Keith Randall says, “While it is freely admitted that Wolsey became very skilful at manipulating others, it is maintained that he had met his match in Henry. ” Henry VIII although very young was able to look after himself in the ‘hurly-burly’ of political intrigue and “who was rarely fooled for long (and certainly not for fifteen years). ” Wolsey was however deeply dependant on the goodwill of his monarch, if this would to have been withdrawn then his position would have become ‘untenable’. Then he certainly wouldn’t have been able to maintain his dominance over domestic affairs between 1515 and 1529.
Wolsey was very “lucky” in the circumstances he faced. Henry had, on the death of his father inherited all of his ministers. One of Henry’s first actions was to order the execution of Henry VII’s ministers, Empson and Dudley. This was in order to prove to the nation that he didn’t want to carry on the same administration of his father’s previous reign. Towards the end of Henry VII’s reign, Wolsey was working for Bishop Fox, whom Henry VIII trusted almost implicitly. Because Wolsey was a man of the church, he was very easy to reward. All Henry had to do was give him more statuses in the church.

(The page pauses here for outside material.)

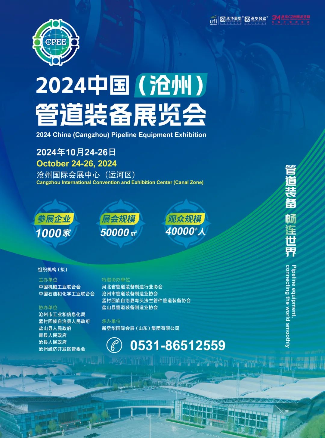 隨著中國管道裝備制造業(yè)的快速發(fā)展,滄州市憑借其在管道裝備領域的產業(yè)基礎和優(yōu)勢,已成為國內重要的管道裝備制造基地。為進一步提升滄州管道裝備產業(yè)的影響力,實現(xiàn)高質量發(fā)展,由中國機械工業(yè)聯(lián)合會、中國石油和化學工業(yè)聯(lián)合會共同主辦的2024中國(滄州)管道裝備展覽會(簡稱:滄州管道展)將于10月24-26日在滄州國際會展中心舉辦。

At the peak of his power Cardinal Wolsey had many different posts within the church, some very prestigious ones, especially the position of Papal Legate. He was Archbishop of York and many other places, although he never made it to be Archbishop of Canterbury, which I’m sure he would have liked. Wolsey could have been described as ‘sycophantic’, he always told Henry what he wanted to hear. This ability to be an easy help to Henry, by that I mean that he was eager to do what the king wanted, tell him exactly what he wanted to hear and be an easy person to reward did Wolsey a great service in aiding him to dominate domestic affairs.

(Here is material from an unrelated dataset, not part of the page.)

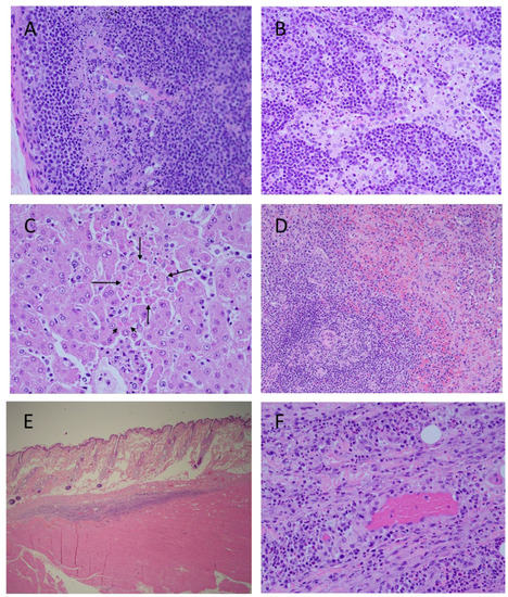 Histopathology Findings in MARV-exposed Cynomolgus Macaques. Cortex (A) and medulla (B), inguinal lymph node, extensive lymphocyte apoptosis. Liver (C), hepatocyte apoptosis (long arrows) and hepatocyte intracytoplasmic inclusion bodies (short arrow). Spleen (D), extensive lymphocyte apoptosis in white pulp and red pulp. Challenge site with mild inflammation (E). Higher magnification of challenge site (F), apoptosis of inflammatory lymphocytes. Photographs are representative.

In conclusion “Wolsey was outstandingly able. ” Wolsey’s own ability in my opinion is the main reason as to why he was able to dominate the running of domestic affairs during the period of 1515 – 1529. Although the circumstances he found himself in were very advantageous, and this coupled with Henry’s not wanted to do all the work himself also played a major role in Wolsey’s career. However I believe that it was his own ability to manipulate and take advantage of situations that arose that secured Wolsey’s dominance of domestic affairs.